Brain Drain or Gain?

After lining up for commencement exercises this spring, the majority of Utah's newly minted MBAs--its best and brightest business prospects--will join the placement line leading to out-of-state employment.

For many years in Utah, brains, along with copper and coal, were considered a chief export item. In some respects, however, we are now seeing a reversal: the Utah "brain drain" is not as bad as it once was; in fact, we may now have a net "brain gain," considering the recruiting efforts of growing Utah-based companies and the fact that many top graduates now stay in state.

Top business graduates are finding more Utah doors to knock on in their job hunts; but once inside those doors, they find a crowded field. As John Bryne, associate editor of Business Week, notes: MBA graduates may not be quite a dime a dozen, but the numbers have increased dramatically in the last 30 years. "In 1960, less than 5,000 individuals received an MBA degree. This year we will graduate 70,000--and some 200,000 more are currently studying for an MBA degree." Bryne adds, "I find it hard to convince myself the world needs 70,000 new MBA graduates each year." In 1974, 370 graduate business schools offered the MBA degree. Today more than 700 institutions offer the degree.

In Utah, more Utah schools now offer graduate business degrees, and more students are seeking them. Last year, Utah colleges and universities awarded some 1,000 graduate business degrees (almost 40 percent of the total number of graduate degrees).

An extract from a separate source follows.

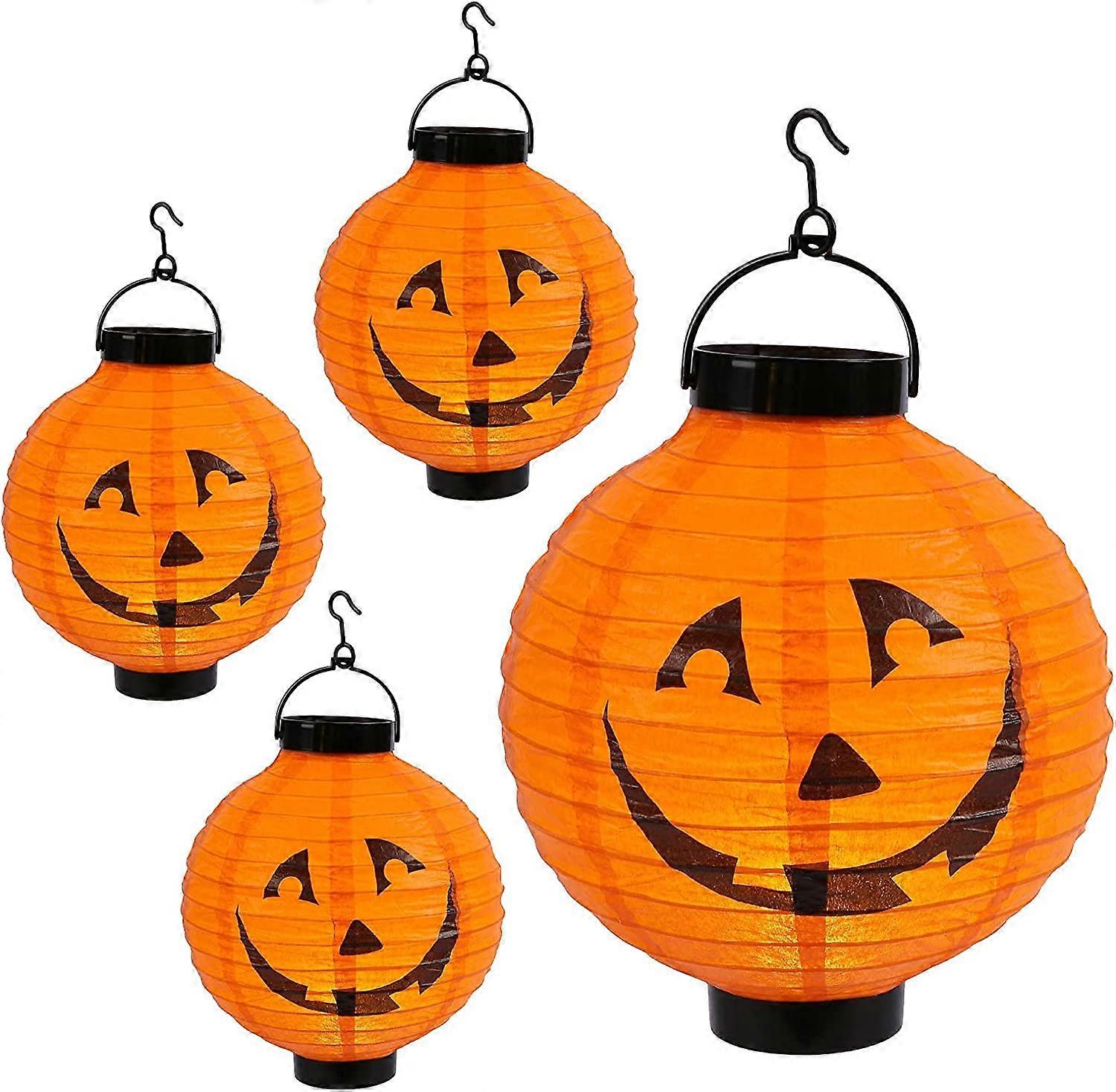 Holy Day Decoration, 4 Pieces Battery Powered Orange Pumpkin Paper Lanterns (Included), Halloween Jack-O-Lantern Lights

About 500 are MBAs, another 220 are accounting, and most of the rest fall in the "soft" people side of organizational behavior, human resource development, and business commun-ications.

Those Who Stay

Not all of the best-paying jobs are out of state. Many Utah businesses are now competing favorably with out-of-state companies in keeping the best-in-class graduates here. Growing companies like Novell and WordPerfect are hiring more Utah grads at very competitive salaries, one reason for the housing shortage in Utah County.

Bill Siddoway, associate dean of the BYU Marriott School of Management, said business graduates who stay in Utah find lower living costs and an increasing number of job options. "Several local companies promote the hiring of in-state graduates, so we are seeing more people staying." The University of Utah has by far the highest number of people who remain in Utah after graduation--about 75 percent of their MBAs stay in state.

Diana Hirsche, director of the master's program at the U's David Eccles School of Business, reported 75 percent of their students are Utah natives and 84 percent of all business graduate students remain in state. "More are staying because Utah's economy is stronger than the economy in other states."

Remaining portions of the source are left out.